Rosenberg points out, however, that the real benefits of Perry's plan kick in for those in higher income brackets: "The income level at which you are indifferent between the two systems is relatively high, somewhere around $75,000 for a single taxpayer and $150,000 for a couple." For the average taxpayer at the top end, however, the proposal really pays off: The highest tax bracket, 35%, works out to 14.4% after all deductions are worked in. Perry's plan reduces the tax rate for the top income bracket to 20%, while expanding many deductions, offering an added bonus to top earners. Additionally, by cutting the 15% capital gains and dividend taxes, he would slash taxes at the upper levels. In other words, under Perry's plan, Warren Buffett would owe even less.

So What's the Catch?

On the surface, Perry's plan seems to have something for everybody: Middle class taxpayers would see their tax burdens remain the same or drop, while wealthier taxpayers would get a major discount. Paired with a proposed corporate tax rate reduction to 20%, "Cut, Balance and Grow" would put a lot more money in corporate coffers.

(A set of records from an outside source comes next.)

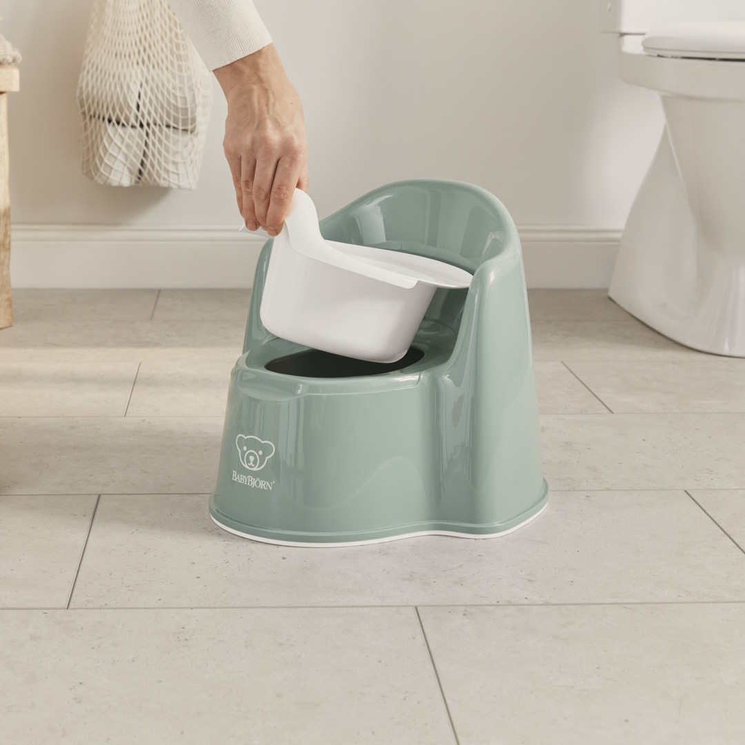 Le pot fauteuil est doté d’un pot intérieur pratique qui est facile à retirer, pour le vider et le laver ou l’essuyer.
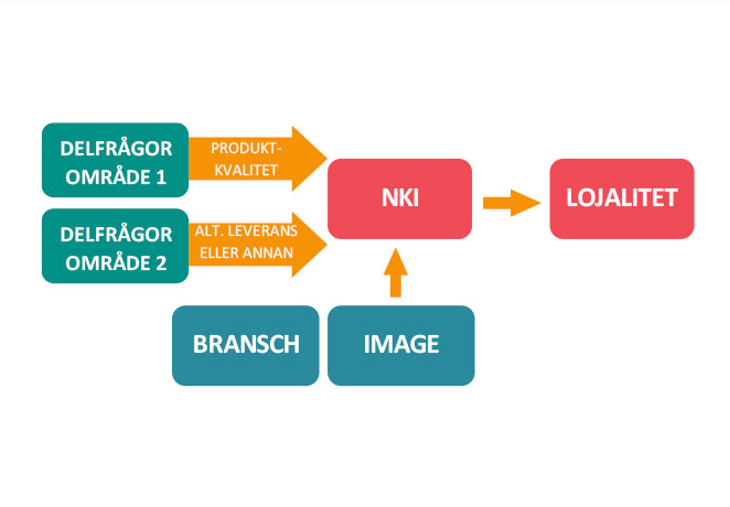 Valet av övergripande mått, såsom CSI eller lojalitetsindex, är utgångspunkten. Hela modellen är uppbyggd för att identifiera vad som kan göras för att förbättra det mått eller index som ni faktiskt vill uppnå.
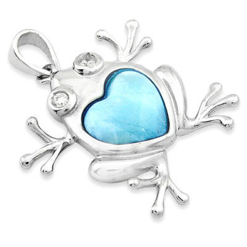 Stylish Sterling Silver Dominican Republic Frog Pendant Decorated With Larimar
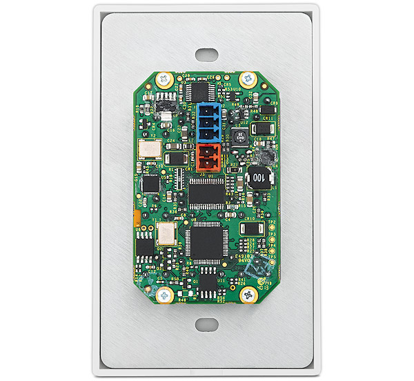 • Фронтальный монтаж с лёгким доступом — приёмопередатчик ИК, переключатели, кнопка сброса настроек и конфигурационный порт mini USB специально расположены за лёгкосъёмной настенной панелью на магнитных держателях.
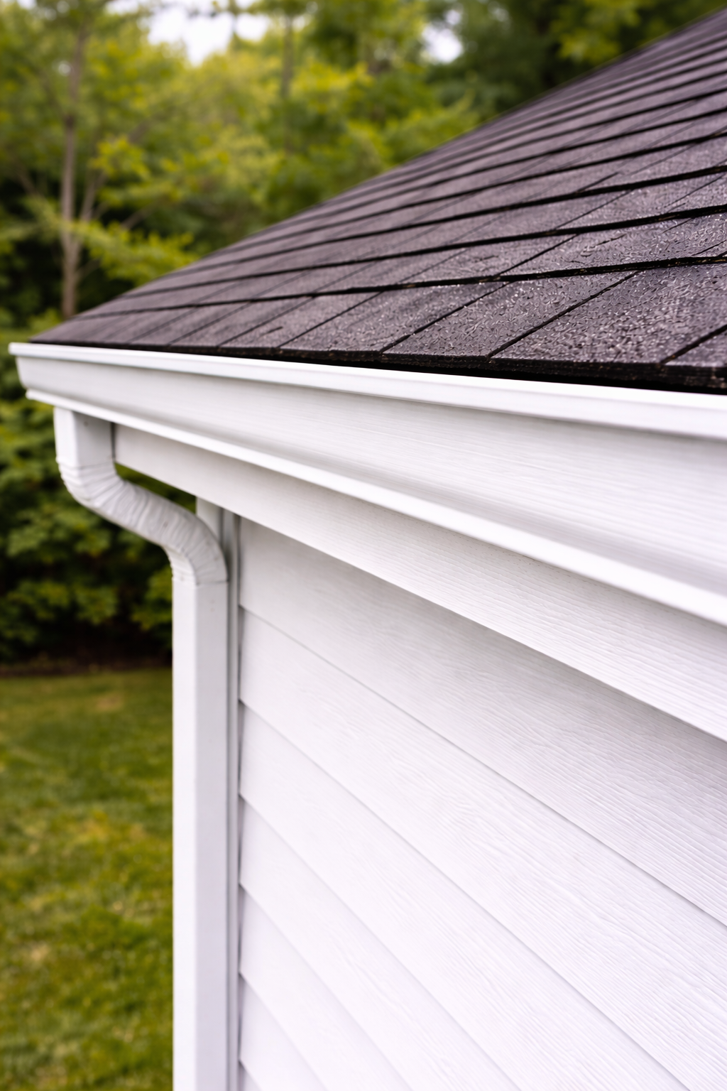 We remove debris and buildup from gutters to improve appearance and functionality. Exterior gutter faces are brightened to eliminate staining, and cobwebs are removed from rooflines, corners, and fascia areas.
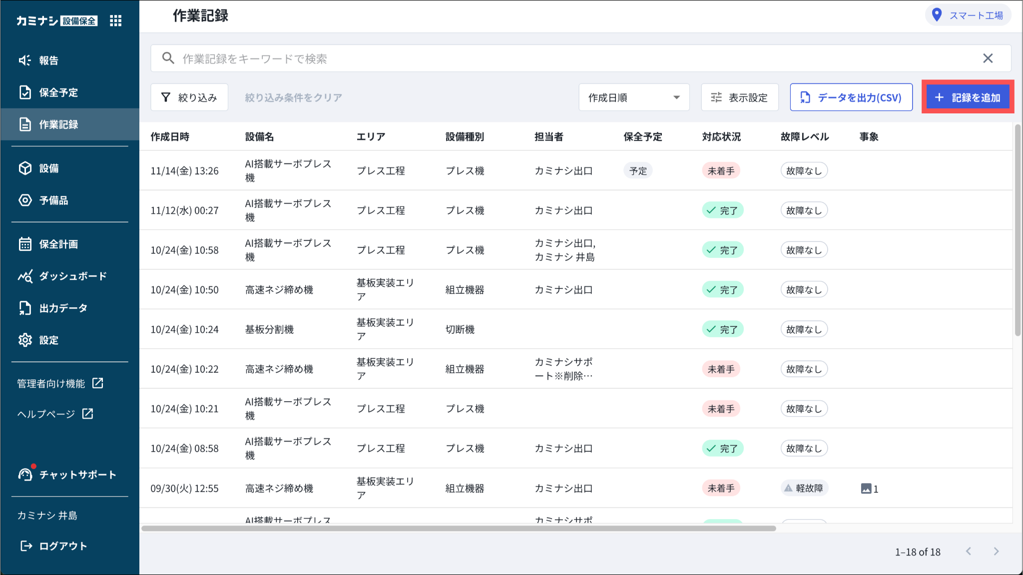 故障や対応によって設備が稼働できなかった時間を記録します。
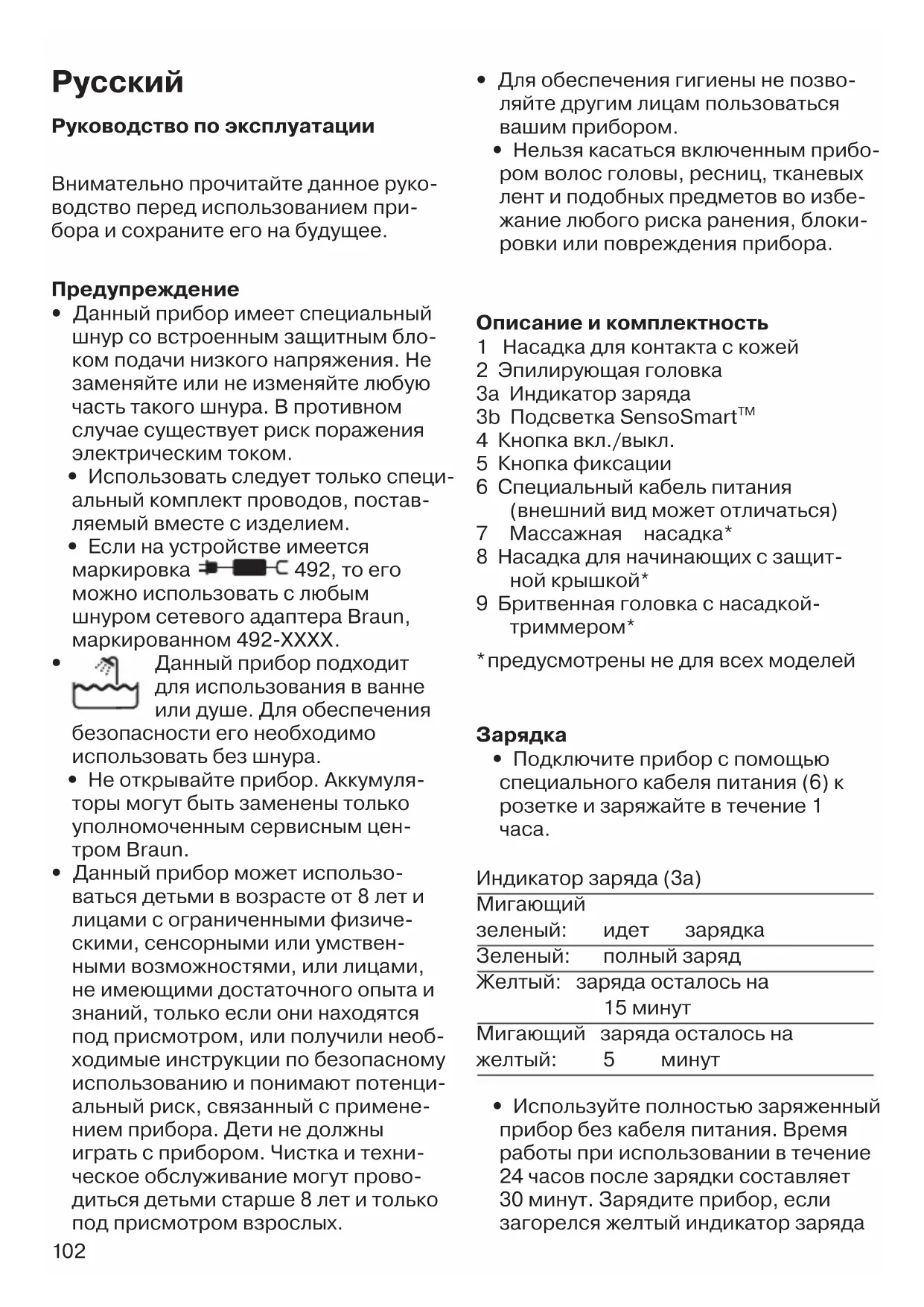 Продукт содержит аккумуляторы и/или перерабатываемые отходы электрического оборудования. В целях защиты окружающей среды не выбрасывайте изделие вме- сте с бытовыми отходами. Передайте его в пункты сбора отходов электриче- ского оборудования в вашей стране. В изделие могут быть внесены измене- ния без предварительного уведомления. Электрический эпилятор Braun тип 5391 с сетевым блоком питания тип 492-XXXX. Если на прибор нанесена маркировка 492, его можно использовать со всеми источниками питания Braun с марки- ровкой 492-XXXX. Тип 492-XXXX источ- ника питания означает, что использо- вать можно только источники питания Braun с маркировкой 492-XXXX. Источ- ники питания типа 492-XXXX представ- ляют собой серию источников питания с одинаковыми электротехническими характеристиками; вместо букв «X» могут быть цифры от 0 до 9: они используются для внутренней диффе- ренциации производителя. Дополни-106 тельная информация представлена на типовой табличке на источнике пита-
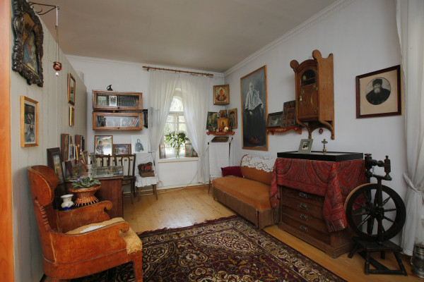Да все! Кусочек шали, в которую она куталась в морозы в далекой ссылке (в 200 верстах от Иркутска) и белый апостольник с капельками ее крови (у Матушки всегда были слабые легкие, а в Сибири туберкулез уже открылся, и в письмах к своим ближним она не раз писала, что хотела бы «вернуться к своим бережкам»). Дорог нам небольшой деревянный сундучок, с которым священномученик Серафим (Звездинский) был в ссылках. Сохранились матушкино кресло из карельской березы, небольшой ее комод и диванчик. И, конечно, с благоговением берем мы в руки книги с пометками матушки Фамари, которые она читала, придя совсем юной в монастырь святой равноапостольной Нины в Бодби. Настоятельница Бодбийского монастыря в Грузии игумения Ювеналия (Ловенецкая), впоследствии – настоятельница Богородице-Рождественского женского монастыря в Москве – приняла юную Тамару Александровну, рано осиротевшую, как мать, и подарила ей книги святителя Игнатия (Брянчанинова) с дарственной надписью. Она пожелала стремившейся к богообщению девушке полюбить этого автора так же, как полюбила его сама. Есть у нас и книги владыки Серафима (Звездинского), принадлежавшие еще его отцу, протоиерею Иоанну Звездинскому, являвшемуся благочинным всех московских единоверческих храмов, но одновременно – автором тропаря и службы преподобному Серафиму Саровскому. Это связано с исцелением его сына по молитвам к батюшке Серафиму…
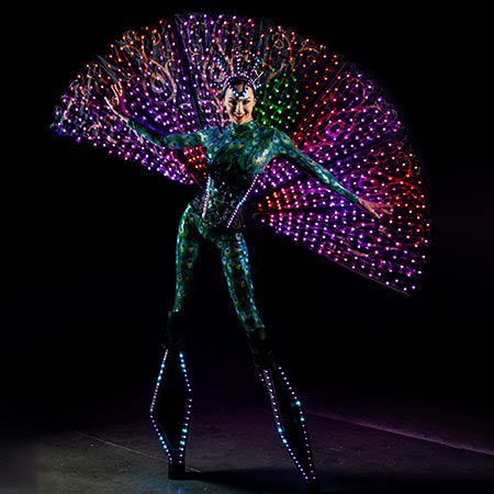 Dieser beeindruckende Stelzenakt nutzt pulsierende LED-Lichter in einer Vielzahl von Farben, um einen Pfauen-Schwanz zu erzeugen, der zu schimmern scheint, während sie sich bewegen.

The trouble is, Rosenberg notes, that Perry's plan is "almost certain to be a fairly large revenue reducer." The governor has accounted for this by announcing his plan to cut the federal budget to 18% of GDP, the lowest level since 1966. Given that he has pledged to retain Social Security and Medicare benefits at current levels, it seems likely that, under Perry, nearly every other part of the federal government would take a big hit. For those who rely on federally-supported programs -- like public schools, the FDA, interstate highways, and the Centers for Disease Control -- the sugary front end of Perry's plan may mask a bitter pill.